---
title: "cocoon"
output: rmarkdown::html_vignette
vignette: >
%\VignetteIndexEntry{cocoon}
%\VignetteEngine{knitr::rmarkdown}
%\VignetteEncoding{UTF-8}
---
```{r, include = FALSE}
knitr::opts_chunk$set(
collapse = TRUE,
comment = "#>"
)
```
```{r setup-real, echo = FALSE, message = FALSE}
library(cocoon)
# devtools::load_all(".")
```
```{r setup-show, eval = FALSE}
library(cocoon)
```
One of the many useful features of the [`{papaja}`](https://github.com/crsh/papaja) package is the [`apa_print()`](https://frederikaust.com/papaja_man/reporting.html#statistical-models-and-tests)
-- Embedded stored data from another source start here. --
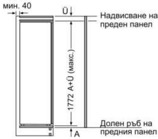
Измерване в мм

Максимално допустимо тегло на предните части на уреда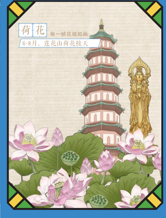
荷花 每一帧花城如画 6-8月，莲花山荷花接天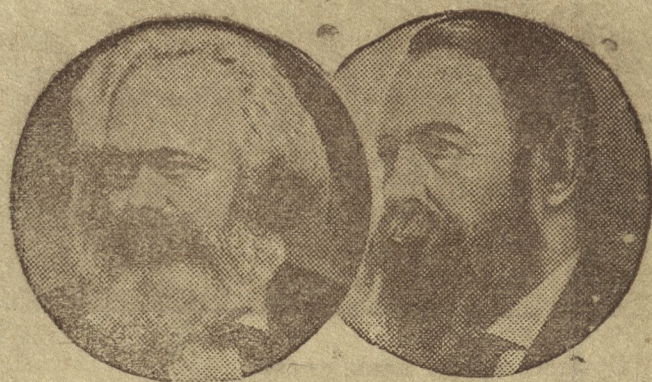
Карл Маркс и Фридрих Энгельс.

„Эта небольшая книжечка стоит целых томов“ — так писал Владимир Ильич Ленин о „Манифесте“. Маркс и Энгельс дали в этой книжке блестящий анализ

function, which takes a statistical object and formats the output to print the statistical information inline in R Markdown documents. The `apa_print()` function is an easy way to extract and format this statistical information for documents following APA style. However, APA style has some rather strange quirks, and users may want some flexibility in how their statistics are formatted. Moreover, `apa_print()` uses LaTeX syntax, which works great for PDFs but generates images for mathematical symbols when outputting to Word documents.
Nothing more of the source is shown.